И еще: человек-тыква прекрасно говорит по-испански, и это несмотря на то, что он совсем недавно приехал в Панаму.
И Пендель улыбается. В улыбке, почти всегда украшающей его лицо, читается на сей раз еще и приятное предвкушение.
— А он моложе, чем я думал! — кричит он в стройную спину Марты, склонившейся над столиком в своей застекленной кабинке. Марта поглощена проверкой лотерейных билетов. Она, как всегда, ничего не выиграла.

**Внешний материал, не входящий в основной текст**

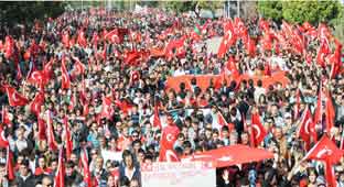 Türkiye Harp Malulü Gaziler Şehit Dul ve Yetimleri Derneği ve Sivil Toplum Kuruluşlarınca tertiplenen yürüyüşe onbinlerce kişi ellerindeki Türk bayrakları ile katıldı. Cumhuriyet meydanında toplanan gurup burada teröre sert bir dille tepkilerini göstererek Kahrolsun PKK sloganları attılar. Vatandaşlar terör örgütü PKK’ya yönelik tepkilerini ellerindeki bayraklarıyla göstererek Kartal şehitliğine doğru yürüdüler.Kartal şehitliğinde ilk olarak şehitler için Kuran-ı Kerim okunarak saygı duruşunda bulundu ardından İstiklal Marşı okundu.Kartal şehitliğinde bir konuşma yapan Türkiye Harp Malulü Gaziler Şehit Dul ve Yetimleri Derneği Başkanı Ali Yavuz, teröre sert bir dille tepkisini dile getirdi. Yavuz, “Bu ülkenin dili Türkçe’dir. Bayrağı Al- Yıldızlı al bayraktır. Başkenti Ankara’dır. Bunu kimsenin değiştirmeye gücü yetmez” dedi. Yavuz şöyle devam etti. “İdam cezası tekrar getirilmelidir. Atatürk ve TSK düşmanlığına hiçbir şekilde fırsat verilmemelidir. Ülkemizde çeşitli sıfatlarla görev yapan ajanlar hemen sınır dışı edilmelidir. Türkiye devleti ve milletiyle bölünmez bir bütündür. Bu gerçekleri değiştirmeye kimsenin gücü yetmeyecektir” diye konuştu. Konuşmaların ardından şehitler için dualar edildi. Vatandaşlar daha sonra Kartal şehit mezarlığını ziyaret ettiler. Kayseri’de yapılan teröre lanet birliğe davet yürüyüşü sonrası vatandaşlar olaysız bir şekilde dağıldı.

Пендель доволен. Он уже видит Оснарда своим постоянным клиентом, он готов шить ему костюмы на протяжении долгих лет и наслаждаться его дружбой. И все это вместо того, чтоб сразу признать в нем того, кем Оснард является в действительности: клиентом из преисподней.
Поделившись своим наблюдением с Мартой и не получив ответа, кроме легкого кивка черноволосой головой, Пендель заблаговременно принял позу, которую всегда принимал перед приходом нового клиента. Поскольку жизнь научила его полагаться на первое впечатление, он и сам старался произвести на новых людей самое благоприятное первое впечатление. К примеру, никто вроде бы не ожидает, что портной примет вас сидя. Но Пендель еще давным-давно решил, что «П и Б» должно являться неким оазисом спокойствия в этом безумном мире. А потому взял себе за правило встречать новых клиентов, сидя в старом кресле с подушками. А завершающим штрихом являлся разложенный на коленях позавчерашний выпуск «Тайме».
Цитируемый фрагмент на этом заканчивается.